I stayed over an extra night that weekend to have dinner with friends, and cashed in some miles to fly back early the next morning. By the time we talked Sunday night, he was back in the small town and discovered that they'd changed the locks on his office. He only told me that he was worried that things were falling apart in ways that he couldn't stop, but said not to worry, that we'd talk about it when I got home the next day. He met me for lunch on Monday, and as he was telling me how he'd basically lost his job, his capital investment, almost two years worth of sweat equity, his reputation, and -- because they were threatening him with criminal charges -- possibly his freedom, it was all I could do to hold it together. The closest I came to losing it was when he said, "This was all for you, baby."
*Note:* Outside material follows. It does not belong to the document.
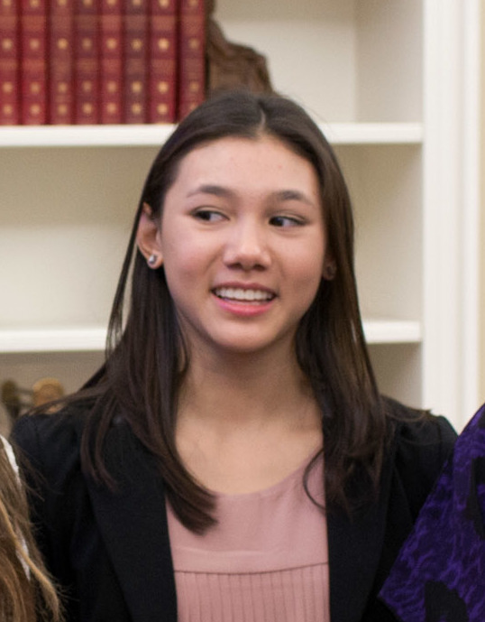 President Barack Obama talks with members of the 2012 U.S. Olympic gymnastics teams in the Oval Office, Nov. 15, 2012. Pictured, from left, are: Steven Gluckstein, Savannah Vinsant, Aly Raisman, Gabby Douglas, Steve Penny, USA Gymnastics President, McKayla Maroney, Kyla Ross, and Jordyn Wieber. (Official White House Photo by Pete Souza)

"No," I reminded him, "This was all about you."
Even before he started his affair with The Other Woman, this business consumed him. More than his kids, his "life-long dream" was the reason I left the big city in the first place. The irony was not lost on me that if I'd stayed put for another six months, if I could have waited until we got married to move, if it hadn't seemed so important to be with him THAT VERY INSTANT, I wouldn't have had to leave at all. He would have come to me, albeit as a failure.
Rather than dwell on what could have been, I made him sit down and sketch out a plan to deal with what was. After doing a little research, I assured him that the police were not going to knock on our door until they investigated the company's books and records -- something he knew his partners would prevent at all costs. I drew up a very austere budget based on my income, calculated how much we could supplement it if he kept the side venture going, and then encouraged him to call a few people in his network. He did not want to pick up the phone for fear that he would be a pariah in his community. Far from it: the next day, his phone rang with a tentative job offer that one of his contacts recommended. He had the position sewed up by the end of the week, and started mid-week the next week, just a month before our wedding. His reputation, it seemed, was intact.
As I kissed him good by the morning he left for the new job, I remember breathing a huge sigh of relief. The salary was good, the hours were predictable, The Other Woman was not a factor, and we could deal with everything else in its time. It seems funny to me that, despite the vast differences in circumstances, I breathed pretty much the same sigh of relief when I watched him drive away today.